### Task goal
An exact copy of the listing is required, with its pictures removed.

### Given material
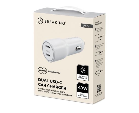 АЗУ Breaking A05, 2USB-C, PD 40W, 3A (Белый)
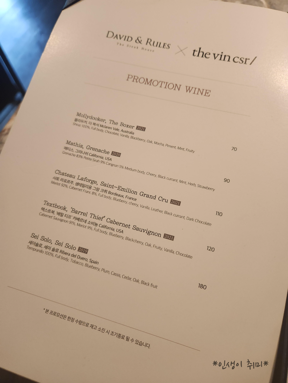 마지막이니까 와인도 한잔. 콜키지는 5만원
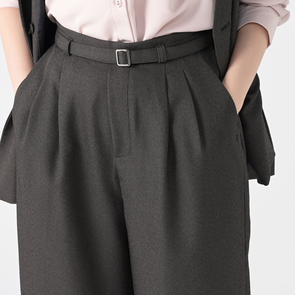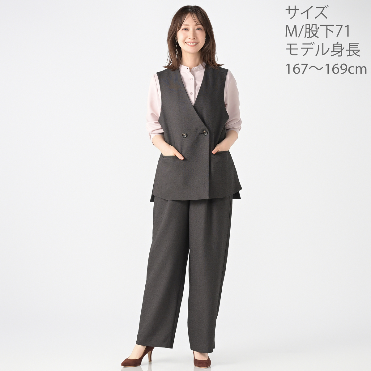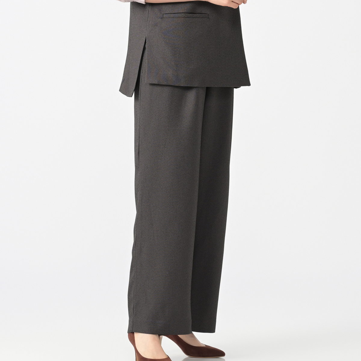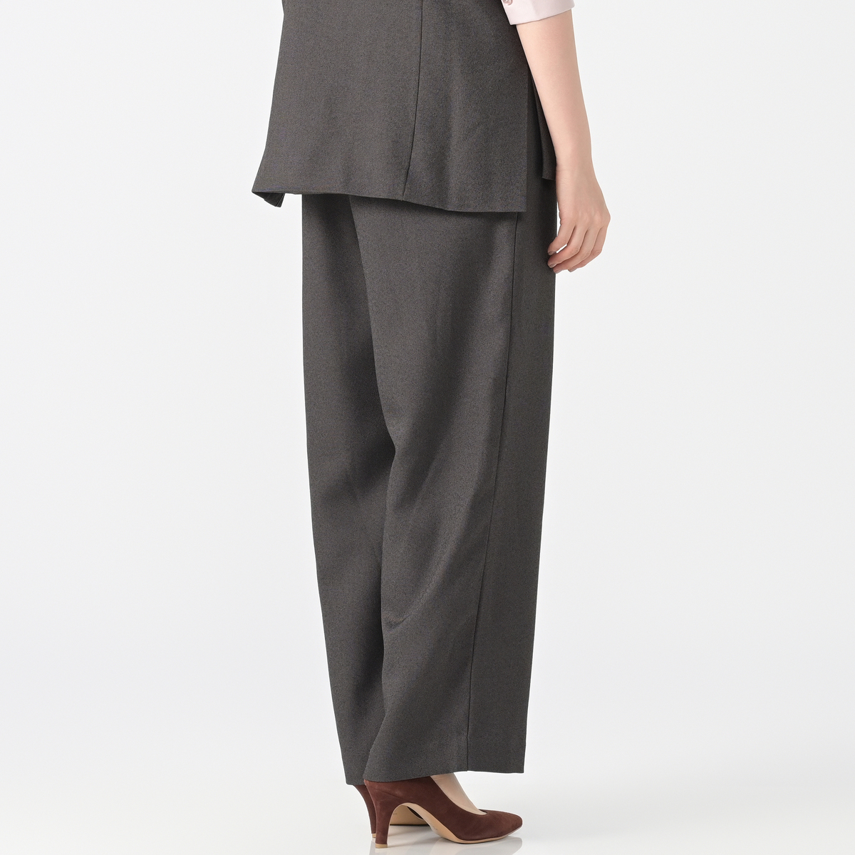 ポリエステル素材に梳毛調のシャークスキン織りを施し杢調に見える(*1)ワイドパンツ。ウエストの後ろ全体にはゴムギャザーを配し、引っ張って穿けるプルオン仕様。前中心はダミー開きのファスナーがないフラットな仕上がりで、すっきり見えに。さらにフロントの2タックが体型カバーを叶えます

### Written solution
 АЗУ Breaking A05, 2USB-C, PD 40W, 3A (Белый)
 마지막이니까 와인도 한잔. 콜키지는 5만원
 ポリエステル素材に梳毛調のシャークスキン織りを施し杢調に見える(*1)ワイドパンツ。ウエストの後ろ全体にはゴムギャザーを配し、引っ張って穿けるプルオン仕様。前中心はダミー開きのファスナーがないフラットな仕上がりで、すっきり見えに。さらにフロントの2タックが体型カバーを叶えます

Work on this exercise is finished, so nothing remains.